* _How to complete this task_: When you reach the line containing "Meissa BAD+POOR数 |", begin reproducing the lines exactly and continue through the end of the listing, leaving out the pictures.

* _Dataset content_:
::::::::::
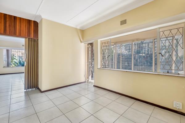 Entrance, lounge with fireplace, diningroom with adjacent enclosed patio. kitchen, laundry area. 3 bedrooms, one full bathroom, 2nd separate toilet. Established garden, irrigation, swimming pool. Domestic quarters. Double carport. Extra off-street parking. Burglar bars.
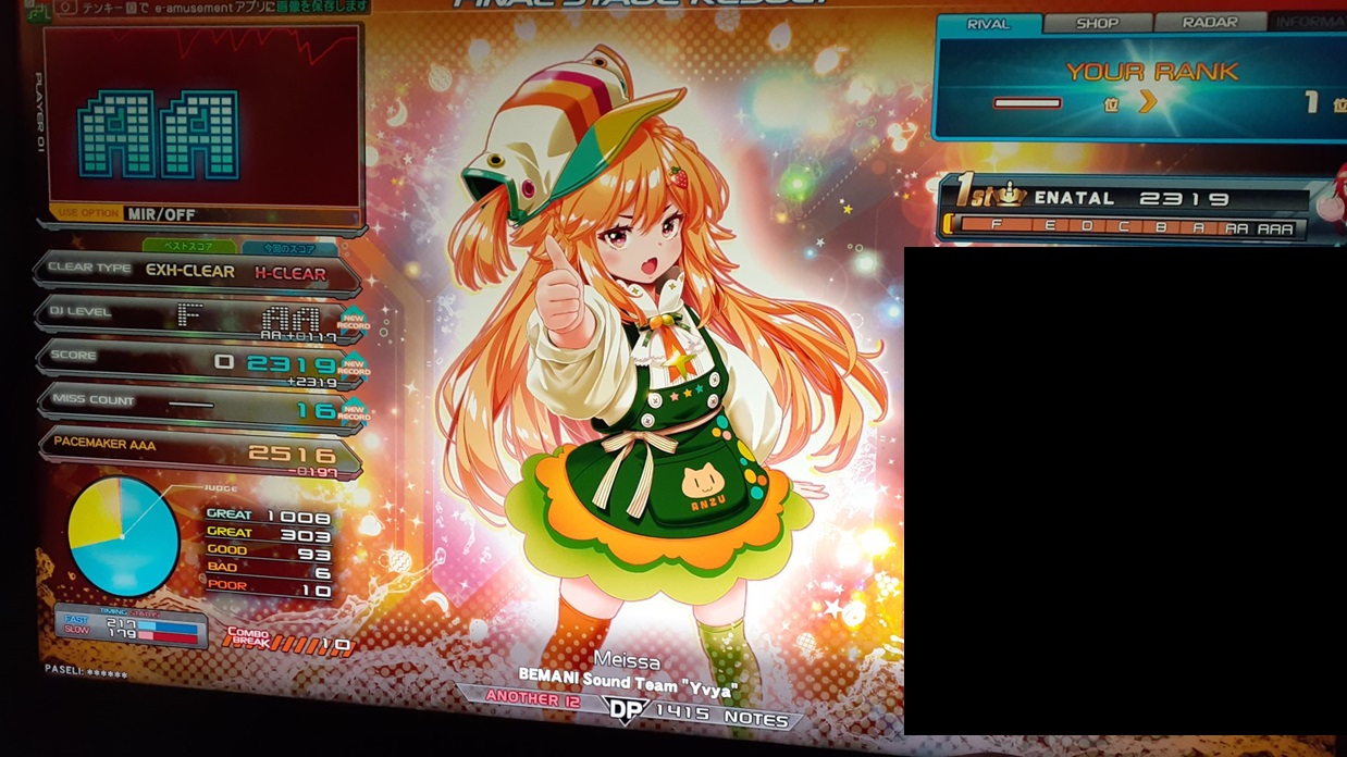 | 順位 | DJ NAME | プレイ環境 | オプション | RESIDENT ☆12 Meissa BAD+POOR数 |
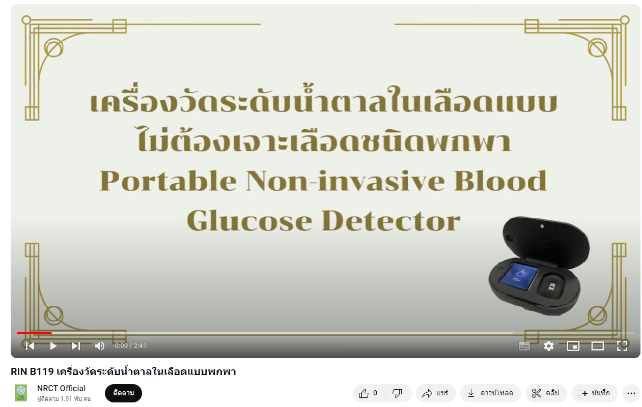 - ผลงานสายนวัตกรรมอุดมศึกษา ประจำปี 2565 ด้านการสาธารณสุข สุขภาพ และเทคโนโลยีทางการแพทย์: เครื่องวัดระดับน้ำตาลในเลือดแบบพกพา
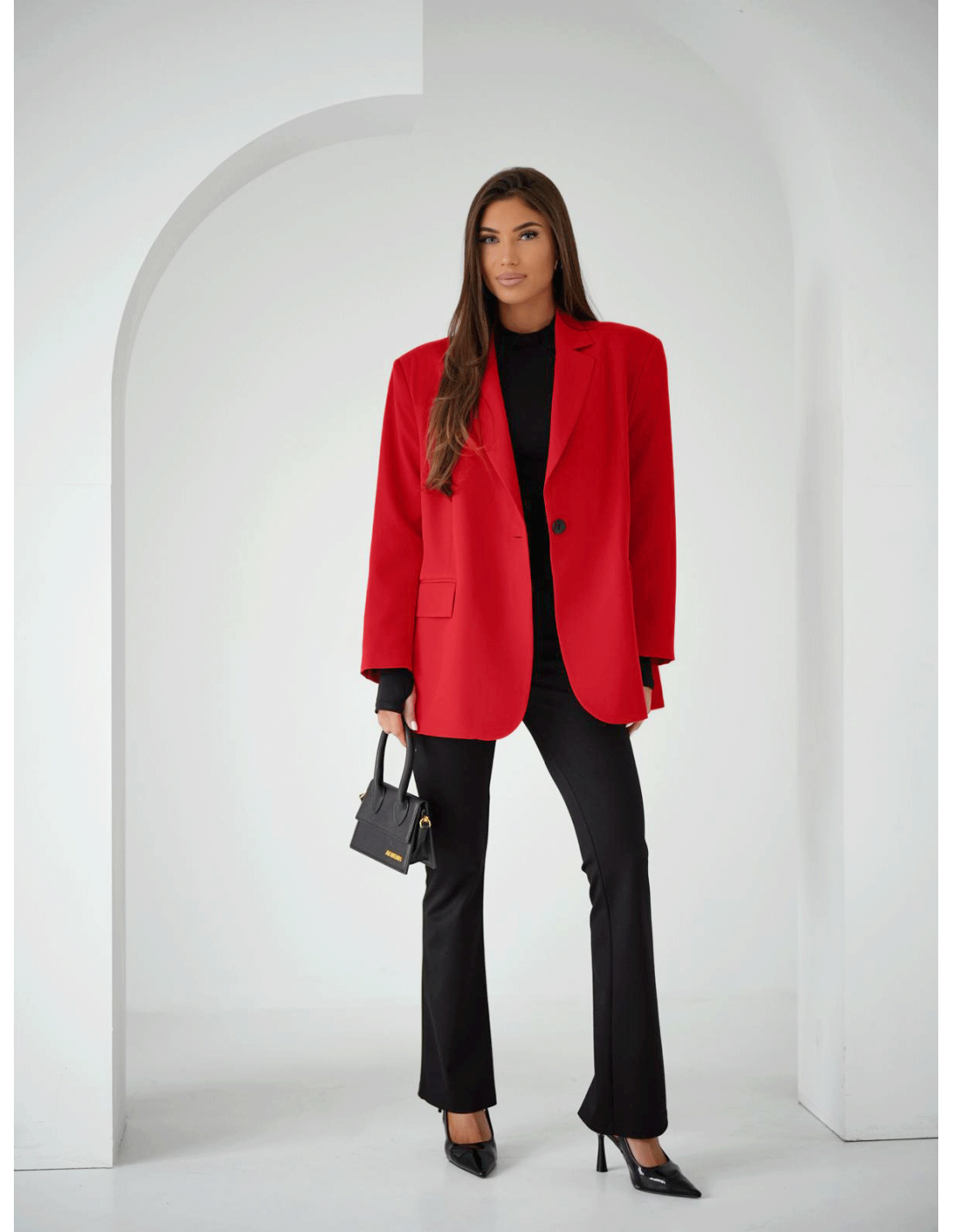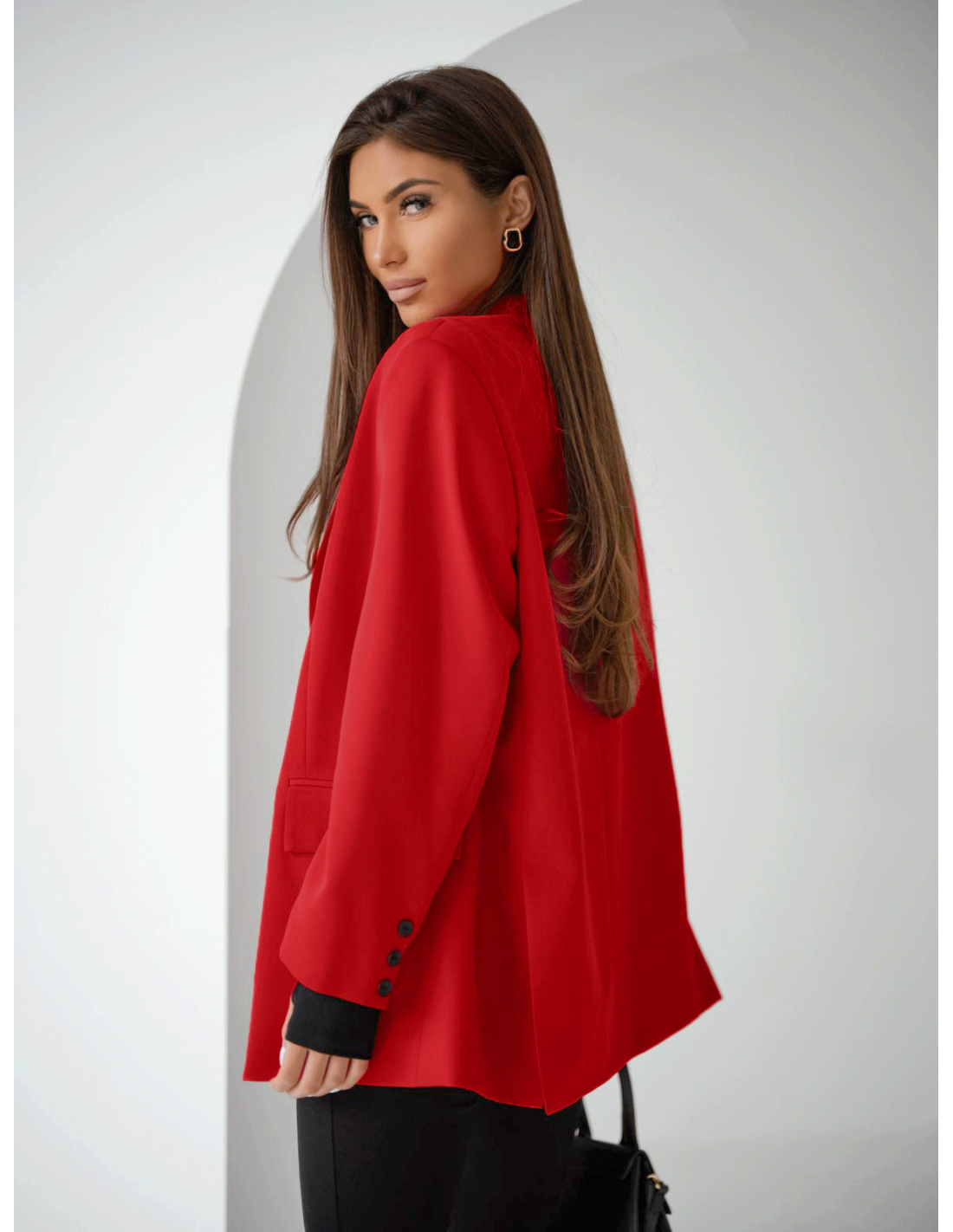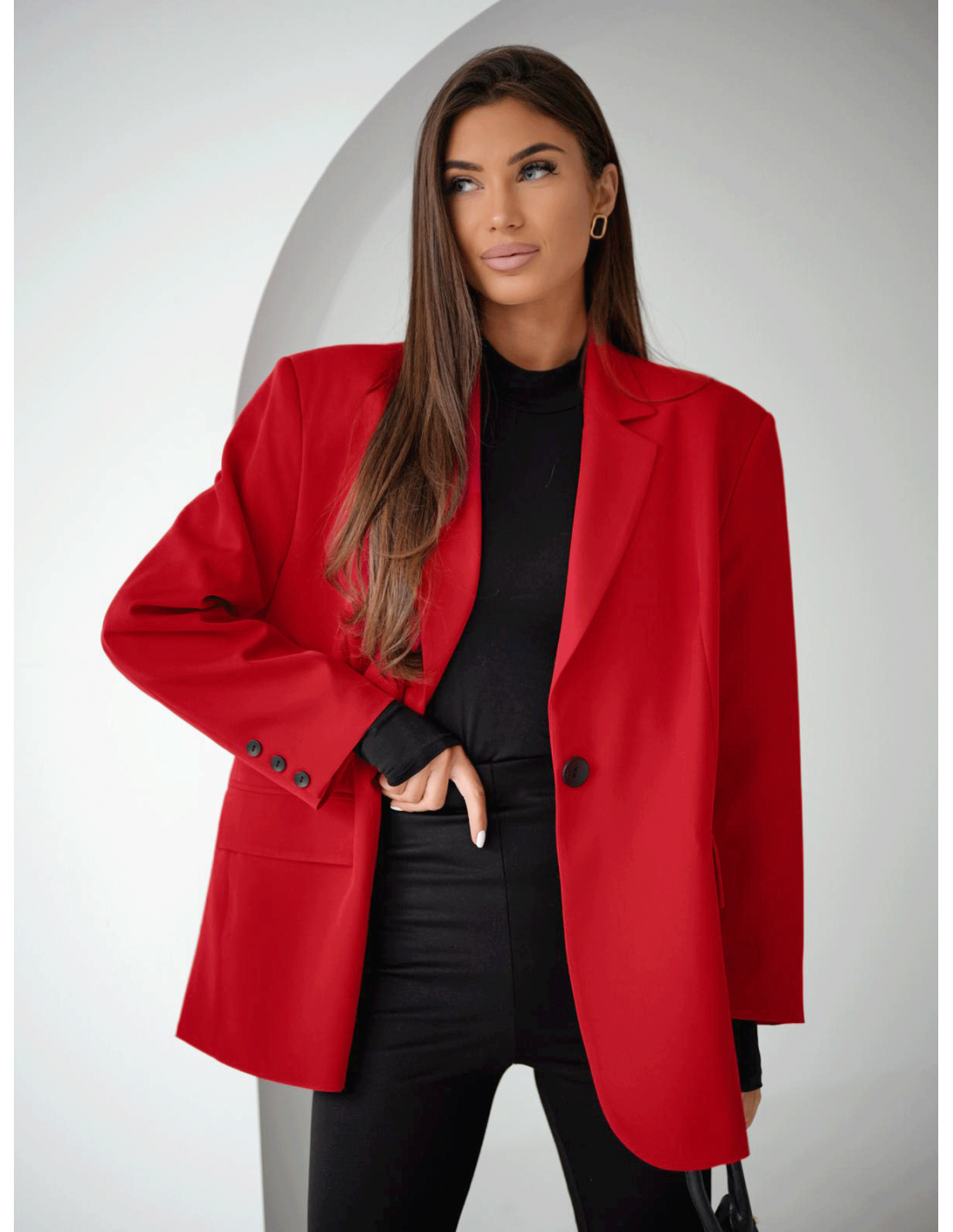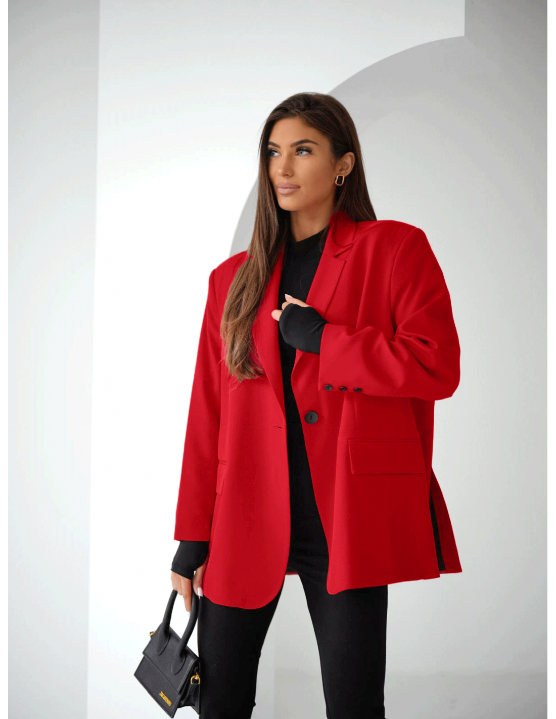 Podkreśl swoją stylizację długą, oversizową marynarką DIONISIA w wyrazistej czerwieni.
::::::::::
* _Response_:
 | 順位 | DJ NAME | プレイ環境 | オプション | RESIDENT ☆12 Meissa BAD+POOR数 |
 - ผลงานสายนวัตกรรมอุดมศึกษา ประจำปี 2565 ด้านการสาธารณสุข สุขภาพ และเทคโนโลยีทางการแพทย์: เครื่องวัดระดับน้ำตาลในเลือดแบบพกพา
 Podkreśl swoją stylizację długą, oversizową marynarką DIONISIA w wyrazistej czerwieni.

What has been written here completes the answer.